The Christian Legal Society loses its 1st Amendment challenge to the accept-all-comers policy required by Hastings Law School.

Justice Ginsburg writes for the majority in Christian Legal Society v. Hastings College of the Law, answering yes to the question: "May a public law school condition its official recognition of a student group — and the attendant use of school funds and facilities — on the organization’s agree­ment to open eligibility for membership and leadership to all students?" The CLS wanted to restrict membership to those who would sign a "statement of faith" and to exclude those who engage in "unrepentant homosexual conduct."

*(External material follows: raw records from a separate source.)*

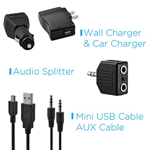 Includes Bluetooth speaker, Mini USB cable, wall charger, car charger, cleaning cloth, carrying pouch, aux cable and audio splitter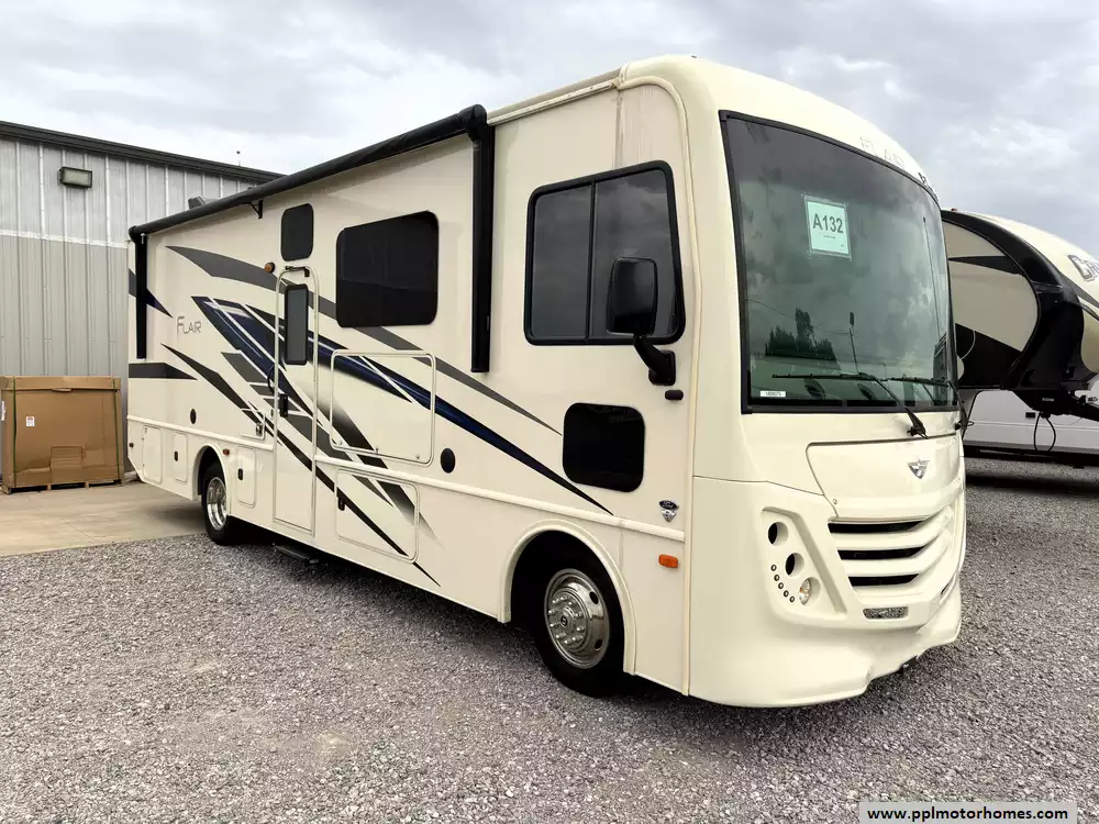 In Flair, there's no sight that's more inviting than the open road. That's because we've taken everything you'll need on your adventure and included it in this well-thought-out package. The new, larger 7.3 liter 350HP engine will carry you no matter what you have to tow. And with the new all-electronic instrument panel and digital dash, driving your RV becomes even more of a joy. With exterior comforts like kitchens and TVs, the fun doesn't need to be contained to inside the home. And that's a good thing, because Flair is designed for large groups. The 28A floorplan can easily sleep six. With features in abundance, this Flair is sure to attract attention.
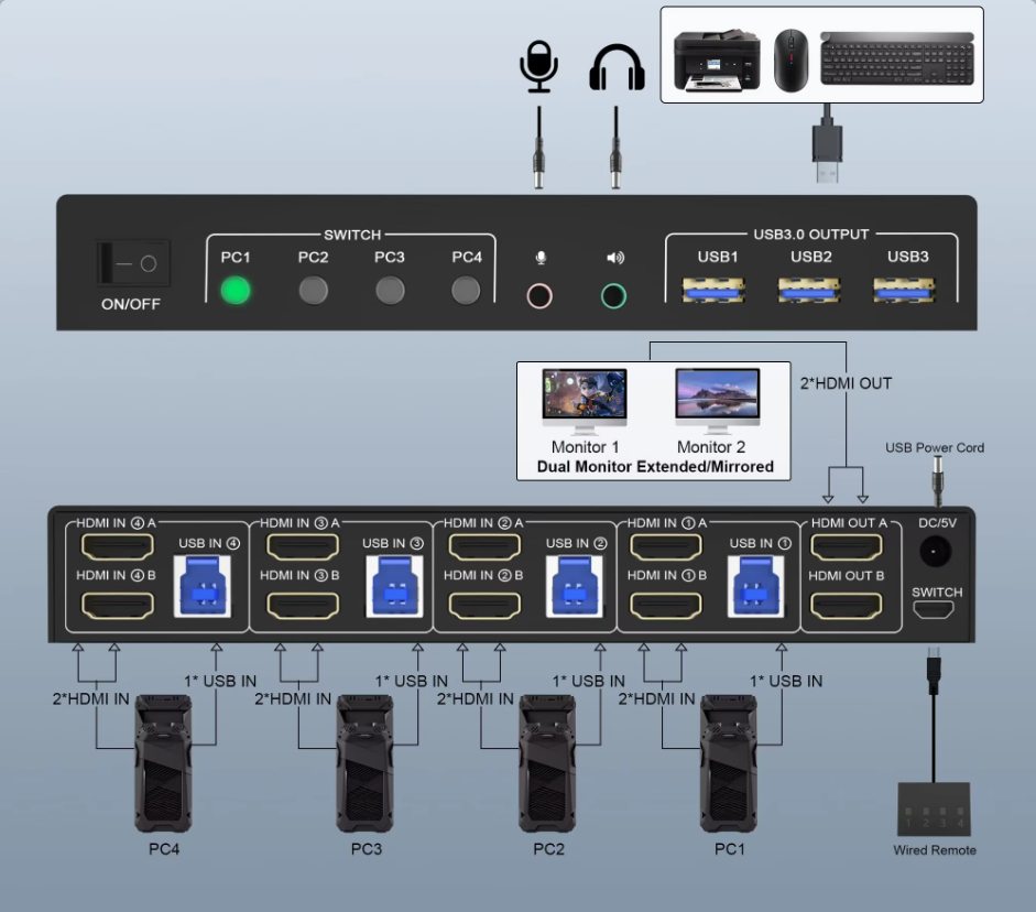 4대의 PC가 2대의 모니터를 사용하기 위해선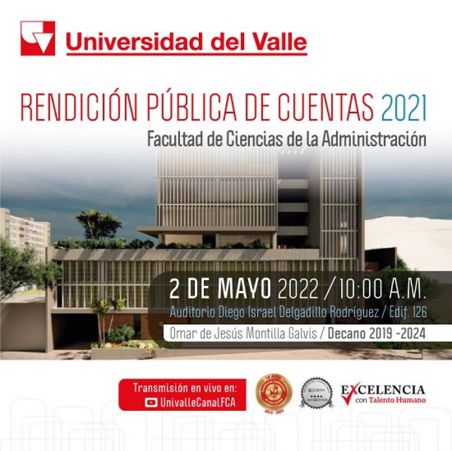 Como un mecanismo de transparencia y acceso a la información pública en concordancia con las Políticas de Buen Gobierno de la Universidad del Valle, la Facultad de Ciencias de la Administración invita a la comunidad universitaria y público en general al acto de Rendición Pública de Cuentas, vigencia 2021.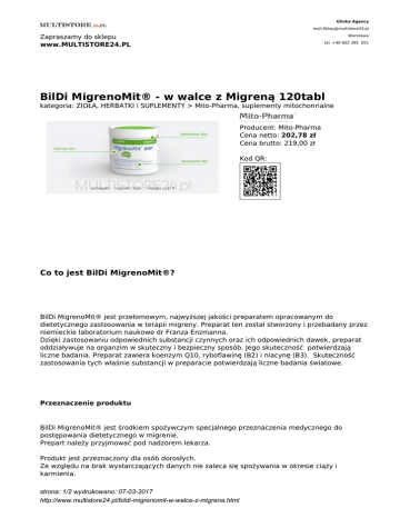 Glinka Agency mail;[email protected] Zapraszamy do sklepu www.MULTISTORE24.PL Warszawa tel. +48 602 395 051 BilDi MigrenoMit® - w walce z Migreną 120tabl kategoria: ZIOŁA, HERBATKI i SUPLEMENTY > Mito-Pharma, suplementy mitochonrialne Producent: Mito-Pharma Cena netto: 202,78 zł Cena brutto: 219,00 zł Kod QR: Co to jest BilDi MigrenoMit®? BilDi MigrenoMit® jest przełomowym, najwyższej jakości preparatem opracowanym do dietetycznego zastosowania w terapii migreny. Preparat ten został stworzony i przebadany przez niemieckie laboratorium naukowe dr Franza Enzmanna. Dzięki zastosowaniu odpowiednich substancji czynnych oraz ich odpowiednich dawek, preparat oddziaływuje na organzim w skuteczny i bezpieczny sposób. Jego skuteczność potwierdzają liczne badania. Preparat zawiera koenzym Q10, ryboflawinę (B2) i niacynę (B3). Skuteczność zastosowania tych właśnie substancji w preparacie potwierdzają liczne badania światowe. Przeznaczenie produktu BilDi MigrenoMit® jest środkiem spożywczym specjalnego przeznaczenia medycznego do postępowania dietetycznego w migrenie. Prepart należy przyjmować pod nadzorem lekarza. Produkt jest przeznaczony dla osób dorosłych. Ze względu na brak wystarczających danych nie zaleca się spożywania w okresie ciąży i karmienia. strona: 1/2 wydrukowano: 07-03-2017 http://www.multistore24.pl/bildi-migrenomit-w-walce-z-migrena.html Produkt nie jest wskazany dla osób, u których istnieje nadwrażliwość na którykolwiek ze składników. Produkt nie jest odpowiedni jako jedyne zródło pożywienia. Nie jest przeznaczony do stosowania pozajelitowego Skład i sposób użycia Skład: Maltodekstryna, Ryboflawina ( witamina B2), żelatyna, koenzym Q10, substancja wypełniająca laktoza i celuloza mikrokrystaliczna, niacynamid ( witamina B3) , substancja przeciwzbrylająca sole magnezowe kwasów tłuszczowych. PROSIMY NIE ŁACZYĆ PRODUKTÓW FIRMY MITO PHARMA Z INNYMI PRODUCENTAMI W JEDNYM ZAMÓWIENIU Czystość i jakość preparatu Wszystkie produkty Laboratorium MSE Pharmazeutika dr Franz Enzmann zawierają fizjologiczne substancje o najwyższym stopniu czystości, w odpowiednio wysokich dawkach i formie. Jedynie tak przygotowane substancje mogą w wystarczającej ilości trafić bezpośrednio do komórek i mitochondriów. Ich działanie jest potwierdzone badaniami. Niemieckie Laboratorium MSE dr Franz Enzmann, w oparciu o 40 lat badań, gwarantuje nam zachowanie stałości składu i najwyższej czystości preparatów. strona: 2/2 wydrukowano: 07-03-2017 http://www.multistore24.pl/bildi-migrenomit-w-walce-z-migrena.html

Justice Ginsburg expresses deference to the law school's reasonable and "viewpoint-neutral" policymaking:
Hastings... could reasonably expect more from its law students than the disruptive behavior CLS hypothesizes—and to build this expectation into its educa­tional approach. A reasonable policy need not anticipate and preemptively close off every opportunity for avoidance or manipulation. If students begin to exploit an all-comers policy by hijacking organizations to distort or destroy their missions, Hastings presumably would revisit and revise its policy.
That final "if" is important, and it takes a lot of the wind out of the sails of the dissenting opinion written by Justice Alito. From the dissent:
In response to the argument that the accept-all-comers-policy would permit a small and unpopular group to be taken over by students who wish to silence its message, the Court states that the policy would permit a registered group to impose membership requirements “designed to ensure that students join because of their commitment to a group’s vitality, not its demise.” With this concession, the Court tacitly recognizes that Hastings does not really have an accept-all-comers policy—it has an accept-some-dissident-comers policy—and the line between members who merely seek to change a group’s message (who apparently must be admitted) and those who seek a group’s “demise” (who may be kept out) is hopelessly vague.
The majority is deferring to the law school, and not preemptively dealing with this other situation which hasn't happened and which it would prefer to trust the law school to deal with if in fact it ever does happen.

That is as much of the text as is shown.